====== Available data ======
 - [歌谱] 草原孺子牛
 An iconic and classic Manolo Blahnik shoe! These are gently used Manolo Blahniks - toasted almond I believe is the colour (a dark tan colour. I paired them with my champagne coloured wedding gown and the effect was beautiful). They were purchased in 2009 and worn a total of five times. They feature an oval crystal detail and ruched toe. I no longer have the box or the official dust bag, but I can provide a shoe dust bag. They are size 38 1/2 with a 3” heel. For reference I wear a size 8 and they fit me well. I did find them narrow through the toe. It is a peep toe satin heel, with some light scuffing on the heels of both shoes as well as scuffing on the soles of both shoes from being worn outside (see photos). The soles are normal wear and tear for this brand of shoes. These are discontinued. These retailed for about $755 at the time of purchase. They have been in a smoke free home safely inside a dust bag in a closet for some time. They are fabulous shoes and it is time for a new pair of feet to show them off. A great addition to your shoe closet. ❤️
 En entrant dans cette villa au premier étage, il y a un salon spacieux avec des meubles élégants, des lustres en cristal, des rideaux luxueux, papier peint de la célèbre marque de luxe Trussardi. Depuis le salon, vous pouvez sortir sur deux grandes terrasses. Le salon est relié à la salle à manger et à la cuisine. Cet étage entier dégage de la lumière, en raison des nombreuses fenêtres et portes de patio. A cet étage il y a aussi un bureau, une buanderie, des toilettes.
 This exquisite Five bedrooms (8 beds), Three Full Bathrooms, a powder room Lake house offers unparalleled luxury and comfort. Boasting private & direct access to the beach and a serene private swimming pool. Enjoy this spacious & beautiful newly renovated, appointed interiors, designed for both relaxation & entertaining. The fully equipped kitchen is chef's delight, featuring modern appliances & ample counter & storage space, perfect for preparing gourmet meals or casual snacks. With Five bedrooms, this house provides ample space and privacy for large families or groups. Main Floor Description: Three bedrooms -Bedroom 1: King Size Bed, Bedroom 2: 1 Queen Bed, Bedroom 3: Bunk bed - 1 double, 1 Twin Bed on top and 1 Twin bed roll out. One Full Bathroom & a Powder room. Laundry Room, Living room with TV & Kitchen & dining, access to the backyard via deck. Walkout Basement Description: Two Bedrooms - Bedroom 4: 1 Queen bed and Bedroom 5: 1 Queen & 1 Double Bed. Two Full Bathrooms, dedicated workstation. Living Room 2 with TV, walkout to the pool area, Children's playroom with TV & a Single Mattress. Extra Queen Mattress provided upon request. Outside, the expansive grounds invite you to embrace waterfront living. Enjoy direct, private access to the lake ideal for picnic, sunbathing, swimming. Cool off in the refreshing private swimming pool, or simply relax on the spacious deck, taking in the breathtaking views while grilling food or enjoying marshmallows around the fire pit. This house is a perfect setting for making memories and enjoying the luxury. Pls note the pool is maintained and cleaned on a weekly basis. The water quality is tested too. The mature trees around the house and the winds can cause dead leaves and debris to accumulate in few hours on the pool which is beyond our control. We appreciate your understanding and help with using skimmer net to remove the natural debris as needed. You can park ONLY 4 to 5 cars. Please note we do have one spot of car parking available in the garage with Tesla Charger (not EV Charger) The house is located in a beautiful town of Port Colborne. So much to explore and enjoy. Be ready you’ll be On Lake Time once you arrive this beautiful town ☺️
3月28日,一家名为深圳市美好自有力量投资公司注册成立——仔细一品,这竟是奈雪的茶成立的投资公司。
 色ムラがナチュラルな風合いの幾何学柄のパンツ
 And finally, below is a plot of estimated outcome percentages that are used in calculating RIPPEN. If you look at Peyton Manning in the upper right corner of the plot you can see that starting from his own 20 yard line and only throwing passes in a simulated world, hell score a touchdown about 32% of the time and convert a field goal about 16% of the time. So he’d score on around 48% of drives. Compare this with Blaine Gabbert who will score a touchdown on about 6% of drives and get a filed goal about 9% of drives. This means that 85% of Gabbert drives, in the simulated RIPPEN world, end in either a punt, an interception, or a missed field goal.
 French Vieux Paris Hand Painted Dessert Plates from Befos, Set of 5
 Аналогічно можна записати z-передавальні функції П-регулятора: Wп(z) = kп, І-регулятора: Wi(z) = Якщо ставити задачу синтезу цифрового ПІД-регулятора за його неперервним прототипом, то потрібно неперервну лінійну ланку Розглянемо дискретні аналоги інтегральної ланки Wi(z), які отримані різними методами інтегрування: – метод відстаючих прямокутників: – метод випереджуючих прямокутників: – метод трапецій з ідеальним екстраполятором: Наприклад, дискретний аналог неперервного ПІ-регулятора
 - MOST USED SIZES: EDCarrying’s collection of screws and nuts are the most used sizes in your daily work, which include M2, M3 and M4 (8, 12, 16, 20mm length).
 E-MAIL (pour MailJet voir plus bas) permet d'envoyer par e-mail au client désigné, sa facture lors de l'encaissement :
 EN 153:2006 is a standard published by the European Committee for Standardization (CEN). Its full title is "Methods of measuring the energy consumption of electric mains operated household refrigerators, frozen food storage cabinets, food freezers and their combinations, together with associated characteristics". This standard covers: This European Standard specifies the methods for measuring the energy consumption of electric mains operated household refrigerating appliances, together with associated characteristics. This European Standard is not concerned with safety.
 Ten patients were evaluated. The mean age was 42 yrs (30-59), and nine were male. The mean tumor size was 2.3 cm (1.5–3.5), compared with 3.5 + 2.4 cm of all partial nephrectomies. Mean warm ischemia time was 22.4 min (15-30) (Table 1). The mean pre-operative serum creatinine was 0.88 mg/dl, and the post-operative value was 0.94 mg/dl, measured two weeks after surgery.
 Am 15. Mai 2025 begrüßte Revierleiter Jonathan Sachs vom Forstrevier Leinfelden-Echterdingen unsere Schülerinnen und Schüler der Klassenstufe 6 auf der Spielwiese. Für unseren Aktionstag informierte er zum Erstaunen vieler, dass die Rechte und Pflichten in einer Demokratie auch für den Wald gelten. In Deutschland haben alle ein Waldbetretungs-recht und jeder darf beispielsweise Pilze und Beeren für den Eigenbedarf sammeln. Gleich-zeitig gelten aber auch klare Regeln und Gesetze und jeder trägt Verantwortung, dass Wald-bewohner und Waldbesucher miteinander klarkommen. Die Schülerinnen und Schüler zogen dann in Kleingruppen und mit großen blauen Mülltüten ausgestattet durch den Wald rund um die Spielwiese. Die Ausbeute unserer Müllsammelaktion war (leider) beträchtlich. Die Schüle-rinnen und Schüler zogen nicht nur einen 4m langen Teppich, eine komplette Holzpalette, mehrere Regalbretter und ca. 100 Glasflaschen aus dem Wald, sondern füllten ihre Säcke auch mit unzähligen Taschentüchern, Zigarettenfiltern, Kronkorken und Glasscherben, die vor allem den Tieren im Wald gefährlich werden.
======
◆ **What to work on**
Keeping every word in place, restate the entries above.

◆ **Your solution**
 - [歌谱] 草原孺子牛
 An iconic and classic Manolo Blahnik shoe! These are gently used Manolo Blahniks - toasted almond I believe is the colour (a dark tan colour. I paired them with my champagne coloured wedding gown and the effect was beautiful). They were purchased in 2009 and worn a total of five times. They feature an oval crystal detail and ruched toe. I no longer have the box or the official dust bag, but I can provide a shoe dust bag. They are size 38 1/2 with a 3” heel. For reference I wear a size 8 and they fit me well. I did find them narrow through the toe. It is a peep toe satin heel, with some light scuffing on the heels of both shoes as well as scuffing on the soles of both shoes from being worn outside (see photos). The soles are normal wear and tear for this brand of shoes. These are discontinued. These retailed for about $755 at the time of purchase. They have been in a smoke free home safely inside a dust bag in a closet for some time. They are fabulous shoes and it is time for a new pair of feet to show them off. A great addition to your shoe closet. ❤️
 En entrant dans cette villa au premier étage, il y a un salon spacieux avec des meubles élégants, des lustres en cristal, des rideaux luxueux, papier peint de la célèbre marque de luxe Trussardi. Depuis le salon, vous pouvez sortir sur deux grandes terrasses. Le salon est relié à la salle à manger et à la cuisine. Cet étage entier dégage de la lumière, en raison des nombreuses fenêtres et portes de patio. A cet étage il y a aussi un bureau, une buanderie, des toilettes.
 This exquisite Five bedrooms (8 beds), Three Full Bathrooms, a powder room Lake house offers unparalleled luxury and comfort. Boasting private & direct access to the beach and a serene private swimming pool. Enjoy this spacious & beautiful newly renovated, appointed interiors, designed for both relaxation & entertaining. The fully equipped kitchen is chef's delight, featuring modern appliances & ample counter & storage space, perfect for preparing gourmet meals or casual snacks. With Five bedrooms, this house provides ample space and privacy for large families or groups. Main Floor Description: Three bedrooms -Bedroom 1: King Size Bed, Bedroom 2: 1 Queen Bed, Bedroom 3: Bunk bed - 1 double, 1 Twin Bed on top and 1 Twin bed roll out. One Full Bathroom & a Powder room. Laundry Room, Living room with TV & Kitchen & dining, access to the backyard via deck. Walkout Basement Description: Two Bedrooms - Bedroom 4: 1 Queen bed and Bedroom 5: 1 Queen & 1 Double Bed. Two Full Bathrooms, dedicated workstation. Living Room 2 with TV, walkout to the pool area, Children's playroom with TV & a Single Mattress. Extra Queen Mattress provided upon request. Outside, the expansive grounds invite you to embrace waterfront living. Enjoy direct, private access to the lake ideal for picnic, sunbathing, swimming. Cool off in the refreshing private swimming pool, or simply relax on the spacious deck, taking in the breathtaking views while grilling food or enjoying marshmallows around the fire pit. This house is a perfect setting for making memories and enjoying the luxury. Pls note the pool is maintained and cleaned on a weekly basis. The water quality is tested too. The mature trees around the house and the winds can cause dead leaves and debris to accumulate in few hours on the pool which is beyond our control. We appreciate your understanding and help with using skimmer net to remove the natural debris as needed. You can park ONLY 4 to 5 cars. Please note we do have one spot of car parking available in the garage with Tesla Charger (not EV Charger) The house is located in a beautiful town of Port Colborne. So much to explore and enjoy. Be ready you’ll be On Lake Time once you arrive this beautiful town ☺️
3月28日,一家名为深圳市美好自有力量投资公司注册成立——仔细一品,这竟是奈雪的茶成立的投资公司。
 色ムラがナチュラルな風合いの幾何学柄のパンツ
 And finally, below is a plot of estimated outcome percentages that are used in calculating RIPPEN. If you look at Peyton Manning in the upper right corner of the plot you can see that starting from his own 20 yard line and only throwing passes in a simulated world, hell score a touchdown about 32% of the time and convert a field goal about 16% of the time. So he’d score on around 48% of drives. Compare this with Blaine Gabbert who will score a touchdown on about 6% of drives and get a filed goal about 9% of drives. This means that 85% of Gabbert drives, in the simulated RIPPEN world, end in either a punt, an interception, or a missed field goal.
 French Vieux Paris Hand Painted Dessert Plates from Befos, Set of 5
 Аналогічно можна записати z-передавальні функції П-регулятора: Wп(z) = kп, І-регулятора: Wi(z) = Якщо ставити задачу синтезу цифрового ПІД-регулятора за його неперервним прототипом, то потрібно неперервну лінійну ланку Розглянемо дискретні аналоги інтегральної ланки Wi(z), які отримані різними методами інтегрування: – метод відстаючих прямокутників: – метод випереджуючих прямокутників: – метод трапецій з ідеальним екстраполятором: Наприклад, дискретний аналог неперервного ПІ-регулятора
 - MOST USED SIZES: EDCarrying’s collection of screws and nuts are the most used sizes in your daily work, which include M2, M3 and M4 (8, 12, 16, 20mm length).
 E-MAIL (pour MailJet voir plus bas) permet d'envoyer par e-mail au client désigné, sa facture lors de l'encaissement :
 EN 153:2006 is a standard published by the European Committee for Standardization (CEN). Its full title is "Methods of measuring the energy consumption of electric mains operated household refrigerators, frozen food storage cabinets, food freezers and their combinations, together with associated characteristics". This standard covers: This European Standard specifies the methods for measuring the energy consumption of electric mains operated household refrigerating appliances, together with associated characteristics. This European Standard is not concerned with safety.
 Ten patients were evaluated. The mean age was 42 yrs (30-59), and nine were male. The mean tumor size was 2.3 cm (1.5–3.5), compared with 3.5 + 2.4 cm of all partial nephrectomies. Mean warm ischemia time was 22.4 min (15-30) (Table 1). The mean pre-operative serum creatinine was 0.88 mg/dl, and the post-operative value was 0.94 mg/dl, measured two weeks after surgery.
 Am 15. Mai 2025 begrüßte Revierleiter Jonathan Sachs vom Forstrevier Leinfelden-Echterdingen unsere Schülerinnen und Schüler der Klassenstufe 6 auf der Spielwiese. Für unseren Aktionstag informierte er zum Erstaunen vieler, dass die Rechte und Pflichten in einer Demokratie auch für den Wald gelten. In Deutschland haben alle ein Waldbetretungs-recht und jeder darf beispielsweise Pilze und Beeren für den Eigenbedarf sammeln. Gleich-zeitig gelten aber auch klare Regeln und Gesetze und jeder trägt Verantwortung, dass Wald-bewohner und Waldbesucher miteinander klarkommen. Die Schülerinnen und Schüler zogen dann in Kleingruppen und mit großen blauen Mülltüten ausgestattet durch den Wald rund um die Spielwiese. Die Ausbeute unserer Müllsammelaktion war (leider) beträchtlich. Die Schüle-rinnen und Schüler zogen nicht nur einen 4m langen Teppich, eine komplette Holzpalette, mehrere Regalbretter und ca. 100 Glasflaschen aus dem Wald, sondern füllten ihre Säcke auch mit unzähligen Taschentüchern, Zigarettenfiltern, Kronkorken und Glasscherben, die vor allem den Tieren im Wald gefährlich werden.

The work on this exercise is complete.